AbdulAlhazred
Legend
Honestly, JRRT's world building never impressed me in the slightest. Between the Declaration of the Doom of Mandos (which comes at almost the same time that the Sun and Moon first appear and thus the start of real timekeeping in the First Age) when the Noldor returned to ME and the Fall of Sauron at the end of the Third Age is something on the order of SIX THOUSAND YEARS, and yet only 3 human nations exist amongst the Dunedain in all this time, and they can trace their individual ancestries back all the way to men like Hurin and Turin (or at least their generation). Vast periods of time fill just the Third Age, 3000 years, in which basically NOTHING happens, society is in complete stasis. There's NOTHING realistic about the history of ME, nothing at all!That's more a statement that ME's consistency is not complete, and that was in line with what I understand of Tolkien's focus. He says that he was concerned to ensure geographic, chronological and linguistic consistency. He did not always succeed, but he was hugely helped in those goals through his prior world-building. His books would not be the achievement they are, were it not for his world-building.
It has no realistic (or really any) economy, very little society (most areas are simply lawless wilds which seem to remain so throughout the entire period), a completely static technology, etc.
In fact it is the very AVOIDANCE of all of these things which gives ME its mythic abstract character. It is NOT really a living breathing world, its a sort of diorama. Its a bit like a train set, the trains go round and round, but nothing else ever changes. The Shire is the exception, and it is no coincidence that all the really humanized characters and details of everyday life are pretty much drawn from that one location. The Hobbit and LotR (some parts at least) are VERY different from the rest of Tolkien's mythic work, and required their own little reservation to inhabit.
This captures quite well why GNS comes under criticism for turning a blind eye to some kinds of roleplaying. I would call stories set in the Wild Card setting "shared fiction" and yet many details of that setting arrive to authors as part of the world backstory. The point being, participants can share creation of fiction in a setting that was created by a subset, or none (!) of those participants. Say we choose to play in an authentic 5th century Roman setting? None of us create that setting, but our fiction is shared. We might add some fantasy to it in specific ways.

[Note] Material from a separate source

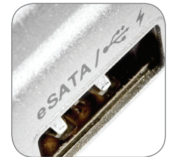
▶ USB Sleep-and-Charge/eSATA port

Indeed, to the extent that concepts pre-exist or arise in the minds of some and not all participants, the fiction is never shared in the sense you want.
Possibly that is because the sense you want is very purist, and it for me isn't fully admitting what is going on. If my character nominates a fictional manufacturer of her fictional grav bike, then other players should accept my fiction. They shouldn't say - no, that manufacturer doesn't exist so your character cannot be sitting on her grav bike, that said manufacturer putatively crafted. Thus, they accept something that they had no agency over. This is a constant. The only question is the scale and siting of who is doing what.
If someone comes to my group with Barker's EPT and we feel excited about that world, we can still weave our own tales into it, with full agency over our part, our fictions, without needing to have agency over the details the world-build provides. Or in our shared world, I might be obsessed with the cartography, while Alice is obsessed with the politics: a shared world-build is still a world-build.
And if we come down to - is the question really about whether a world-build can be shared? Then sure, of course it can. But not everyone wants to do it, and even when they do they frequently have different parts they are interested in. The value of the world-build remains the same. For shared fiction to work, each player must accept the fictional contributions of other players, and all must accept historical contributions they have chosen to rely on, and if that is more on one player, a DM, and less on others, the P/Cs, that is fine. It cannot be tarred "classic" DnD and mildly denigrated as "puzzle-solving"! It can and should be narratively rich.
All of this is great, but what is the common reality?